I'm up to 57 windshield wiper blades
in the past six months.


What are they driving through,
sulfuric acid?

I expect it's all the locals,
spitting on the windscreens.

My God, is it the Swedish
or the Swiss Embassy holding this soirée?

I think it's the Swiss.

No, no, no, you're...

No, you're right,
it's definitely the Swedish.

Well, then, we're over here.

What are they planning
to inflict on us tonight?

Not those Chinese acrobats again,
I hope.

There's a limit
to the times I can watch...

...a man trying to get his leg
around the back of his neck.

Oh, Frau Baden says
there's going to be an opera performance.


Is there some diva
passing through town?

No, it's a local singer.

We're going to hear excerpts
from Madama Butterfly.

I'm embarrassed to admit
I'd never seen Madame Butterfly.


Don't tell anyone though.

I've got one or two people around here
thinking I'm profoundly cultured.

She will fall in love
with an American sailor.

A big mistake.

Why is that?

He will marry her, but he's not serious.

Her American sailor has now left her.

He's not coming back.

Mademoiselle Song is very striking, yes?

But she simply has no voice.

There she is.
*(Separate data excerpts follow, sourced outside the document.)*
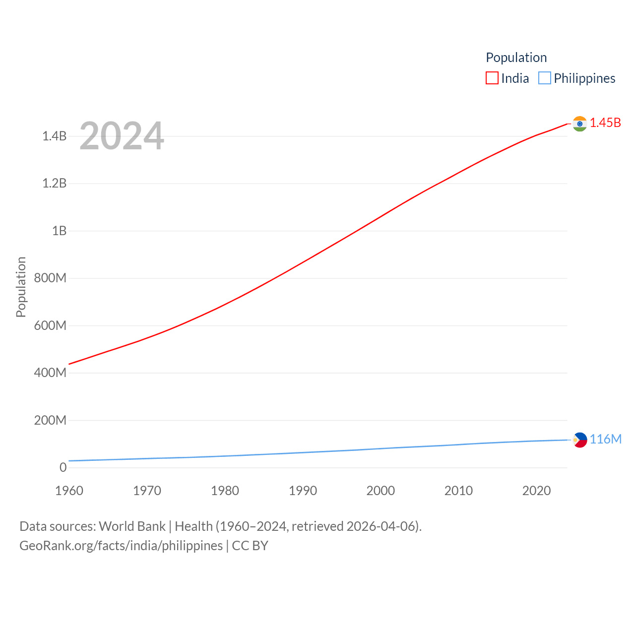 India has a population of 1.45B (ranked 1/197), compared with 116M in The Philippines (ranked 14/197). India's land area is 1,147,955 sq mi versus 115,124 sq mi for The Philippines (ranked 7th vs. 71st).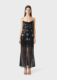 Long lace dress with hand-embroidered iridescent sequins and metal studs on the bodice, straight neckline, and see-through skirt. - Rebrode lace - Hand embroidery of iridescent sequins and metal studs - Straight neckline - Sleeveless cut - Shoulder pads - Coupled top - Sheer full skirt - Low-cut back - Zip closure at back - Ankle-length cut - Regular fit DETAILS To find the correct size for you, please consult the Size Guide. Composition: Main fabric: 100% polyamide; Main lining: 100% polyester; Embroidery: 50% polyvinyl chloride (PVC), 40% brass, 10% glass Do not wash; Do not bleach; Do not tumble dry; Iron at low temperature - no steam; Dry clean with hydrocarbons - gentle cycle; Wash separately; Wash inside out; Wash in a mesh bag; Iron inside out; Do not iron trims; Iron by interposing a cloth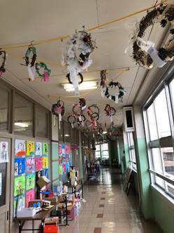 1年生の教室や廊下も、クリスマス仕様になっています。生活科の学習として、1年間育ててきたアサガオのつるを使い、クリスマスリースを作りました。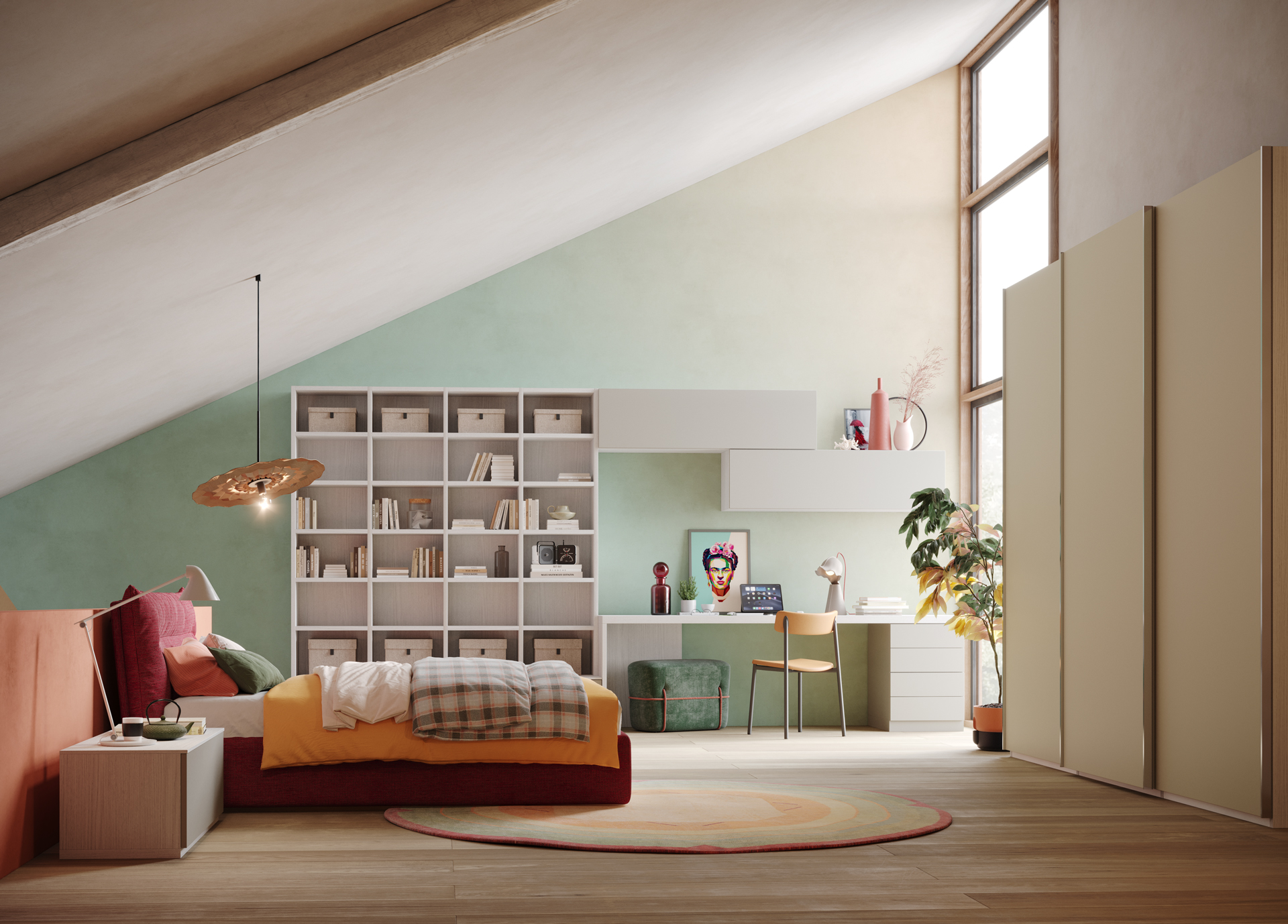 Dalla gestione dell'inclinazione del tetto alla creazione di zone funzionali e allo sfruttamento intelligente delle aree basse, le soluzioni Giessegi per le camerette in mansarda, con la loro modularità, versatilità e la qualità Made in Italy, offrono la risposta ad ogni singola sfida.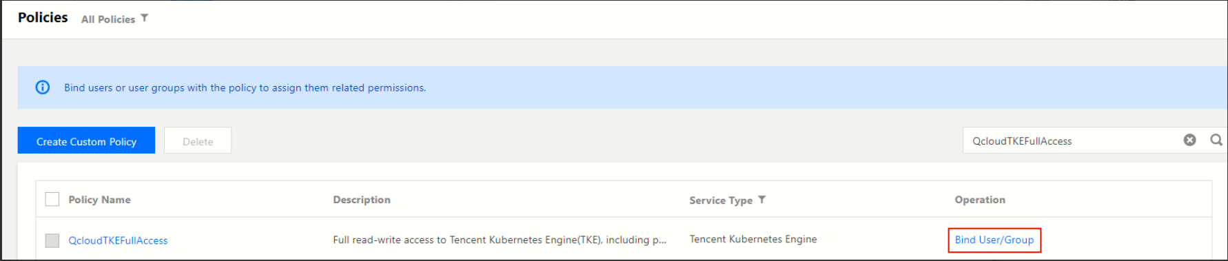 1. 登录访问管理控制台,选择左侧导航栏中的 策略 。 2. 在策略管理页面,选择 QcloudTKEFullAccess 策略行的关联用户/组/角色。如下图所示:

Excuse me.

Wonderful performance.

Thank you very much.
I really enjoyed it.

She's so wonderful, isn't she?

Oh, she's a nice lady.

Mademoiselle Song.

- It was a beautiful performance.
- Thank you.

I've always seen opera singers
as overweight ladies...

...in too much bad makeup.

Bad makeup is now unique to the West.

I've never seen a performance
as convincing as yours.


Me, as a Japanese woman?

Did you know the Japanese
used thousands of our people...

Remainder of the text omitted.